LOGINThe words landed quietly. Mrs. Harrow delivered them the same way she'd delivered everything else, efficiently, without decoration. She was watching Melina in the way that people watched for reactions when they expected a specific one.
Melina gave her nothing. "Of course. What does that entail?"
Something moved across Mrs. Harrow's expression. Not quite surprise. Reassessment, maybe. "The Alpha quarters occupy the north wing, third floor. The assignment covers daily cleaning and turndown service, personal laundry, and general upkeep. The brothers' schedules vary but their privacy is absolute." She paused. "You do not enter a room if the occupant is inside unless specifically requested. You do not speak to the brothers unless spoken to first. You do not discuss anything you see or hear in that wing outside of it."
"Understood."
"If you are uncomfortable with the assignment ...."
"I'm not," Melina said.
Mrs. Harrow looked at her for another moment. Then she nodded once and turned back down the corridor. "Good. I'll take you through the rest of the estate now. Pay attention because I won't repeat the layout."
***
The tour took an hour and forty minutes.
Melina memorized everything.
The main residential wing accessible to assigned staff only, keycards logged every entry. The council chamber on the ground floor, off limits to all household staff except during formal set-up periods, which were scheduled in advance and supervised. The administrative wing....accessible for cleaning during off-hours only, schedule posted weekly. The family dining room, her rotation did not include it. The main dining hall....her rotation did.
And then, briefly, from a covered walkway that connected the east and west sections of the grounds: the greenhouse complex.

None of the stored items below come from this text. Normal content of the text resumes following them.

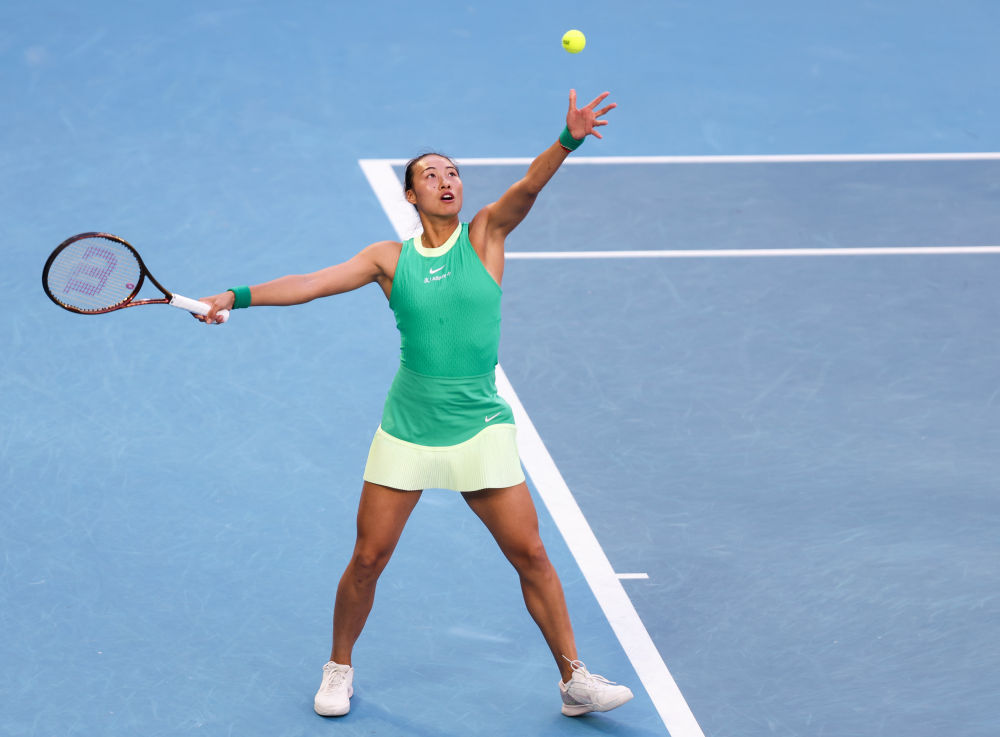 1月24日,郑钦文在比赛中发球。新华社记者 马平 摄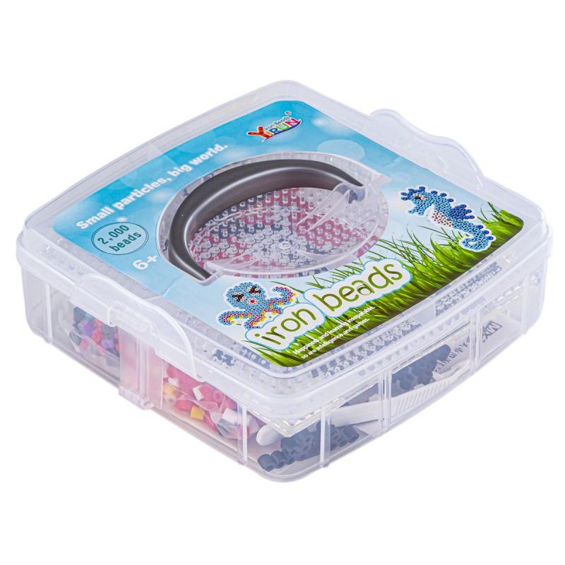 Koraliki do prasowania – zestaw 2000 elementów, średnica koralika 5mm, opakowanie ok. 17,2 × 16,5 × 6 cm. Zestaw zawiera kuferek z pokrywką, 2 podkładki do układania i szablony OŚMIORNICA oraz KONIK MORSKI; jest odpowiedni dla dzieci powyżej 6 roku życia. Kolorowe koraliki pozwalają tworzyć obrazy, breloczki i dekoracje; po ułożeniu wzoru przykryj papierem do pieczenia i przyprasuj żelazkiem (przy udziale osoby dorosłej). Praca z koralikami rozwija kreatywność, motorykę małą i koncentrację, a gotowe prace można wykorzystać jako ozdoby lub praktyczne upominki. Zestaw zawiera też pęsetę, papier do prasowania i 4 czarne podkładki.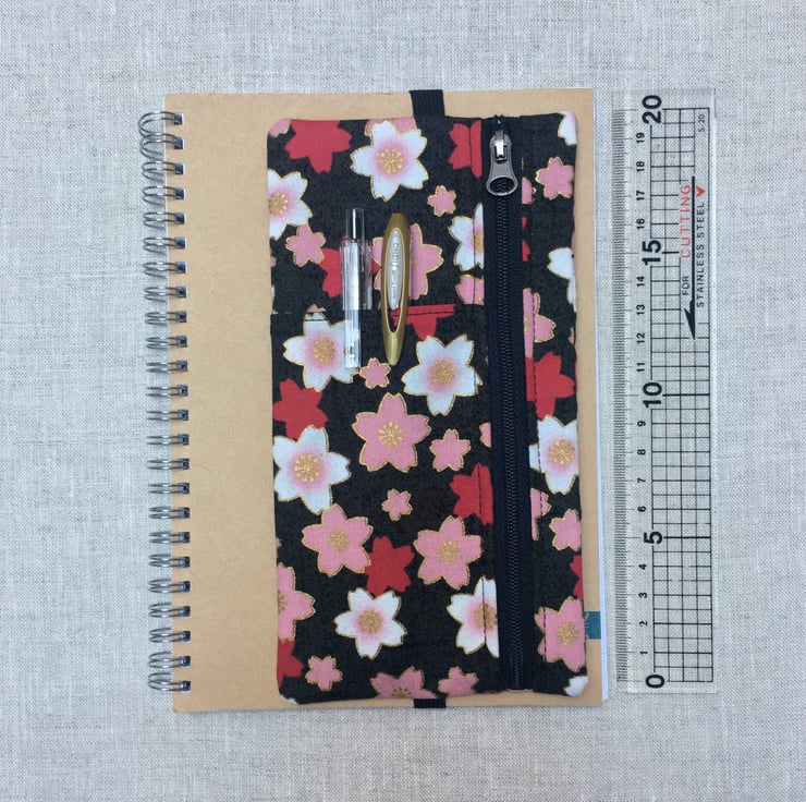 The pencil case has been handcrafted from Japanese fabric. The fabric has cherry blossoms in white and pink with a gold outline and centre as well as plain red blossoms on a mottled black background.
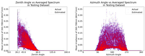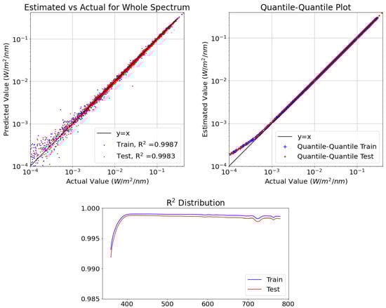The upper left panel of Figure 7 shows the scatter diagram showing the performance of this model by comparing the estimated value (y-axis) and the actual value (x-axis) of the irradiance, from 360 nm to 780 nm, observed by the reference sensor. The coefficient of determination () is 0.9987 on the training data and is 0.9983 on the testing data.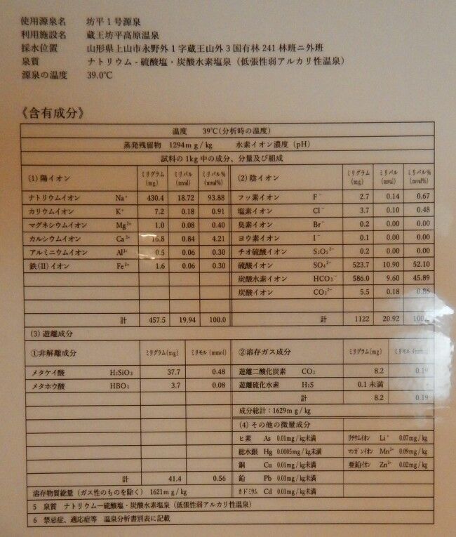 成分表は温泉表示と一緒になったものが脱衣所に掲示。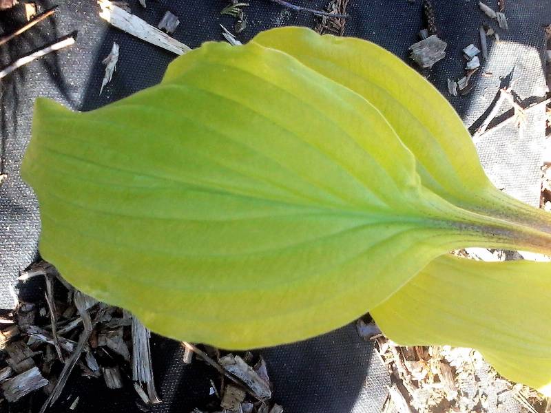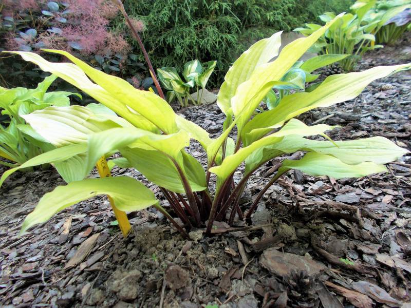 Hosta Lipstik Blondie rośnie w półcieniu, niemal w korzeniach glediczji, ale daje radę. Jej liście są dość długie, więc nieco podniosłam to miejsce, by się zwieszały.
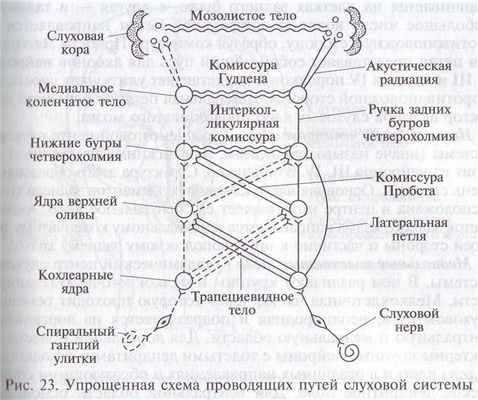 От клеток кохлеарных ядер начинаются контрлатеральный и ипсилатеральный восходящие слуховые пути, но основная масса волокон переходит на противоположную сторону (рис. 23).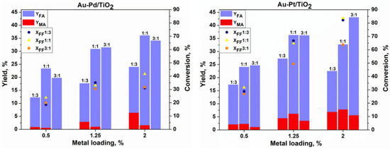 Taking into account the results presented above, and in order to minimize the FF degradation, further tests with bimetallic catalysts were performed at 80 °C and 4 h in a Screening Pressure Reactor. We studied the catalytic performance of the AuxPty and AuxPdy bimetallic systems supported on TiO2 with different molar ratios (1:3, 1:1, and 3:1) and metal loading (0.5, 1.25, and 2%) in the oxidation of furfural to FA and MA, and the results are presented in Figure 5. As expected, the oxidation of furfural using the bimetallic Au-Pd and Au-Pt catalysts at 80 °C gave better catalytic results than the monometallic gold, palladium, and platinum. Indeed, only 60% furfural conversion was observed for the Au/TiO2 catalyst after 4 h of reaction at 110 °C, and 29% at 80 °C.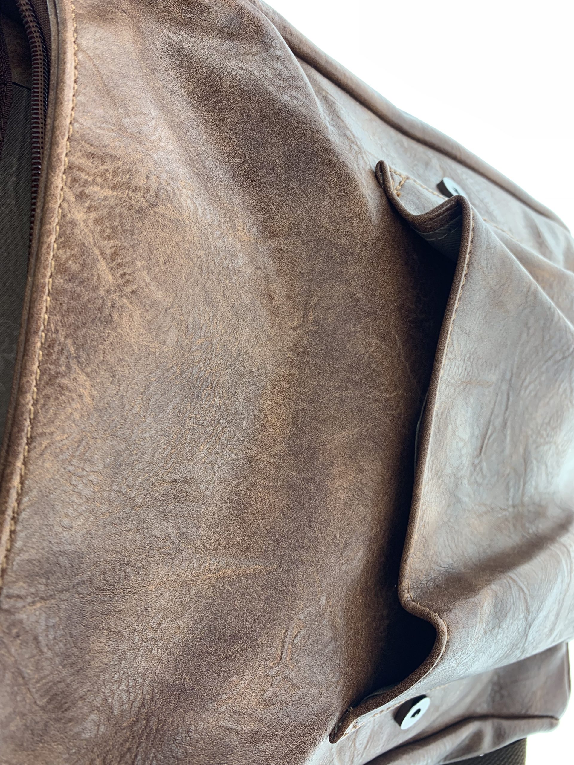 Un altra tasca chiusa con bottone a calamita nella parte anteriore dello zaino con altezza 21 cm e larghezza 18 cm.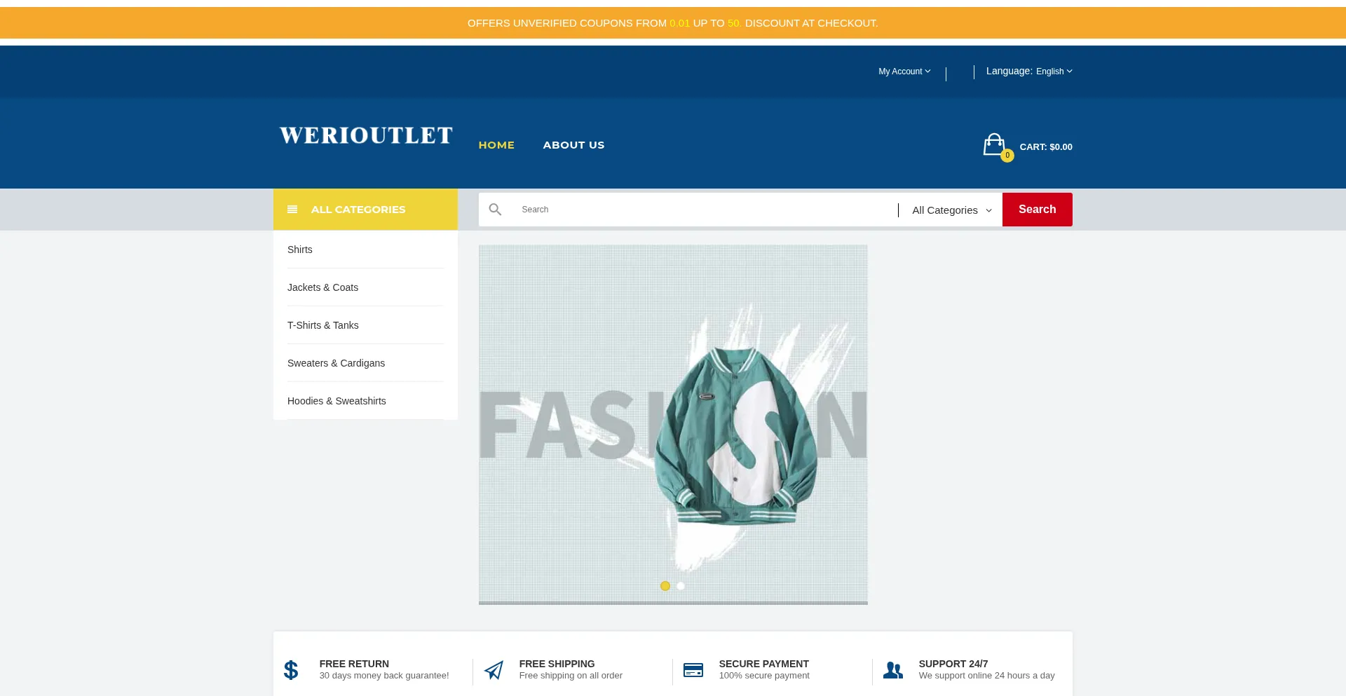 werioutlet.com 使用 Bootstrap,这是一个广泛采用的开源响应式网页开发框架。Bootstrap 通过标准化组件和样式实现移动友好界面的高效创建。

She kept her eyes forward. She kept her breathing even. She memorised the distance, the sight lines, the number of staff she could see on the grounds between here and there, the position of the security camera mounted at the walkway's corner.
She stored it all in the specific, quiet way her father had taught her.....not reaching for it, just receiving it. Don't stare at what you need, he'd told her. Look at everything equally. What you need will be there when you reach for it.
She looked at everything equally.
"The greenhouse complex is restricted," Mrs. Harrow said, from beside her, without particular emphasis. "Estate horticultural staff only. No exceptions."
"Of course," Melina said.
They moved on.
Her room was on the staff residential floor....small, clean, a single window that looked out onto the east grounds. A bed, a wardrobe, a desk, a private bathroom that she had not been expecting and was quietly grateful for. Her bag looked small sitting on the floor beside the wardrobe. The room smelled like clean linen and something faintly floral from the grounds outside.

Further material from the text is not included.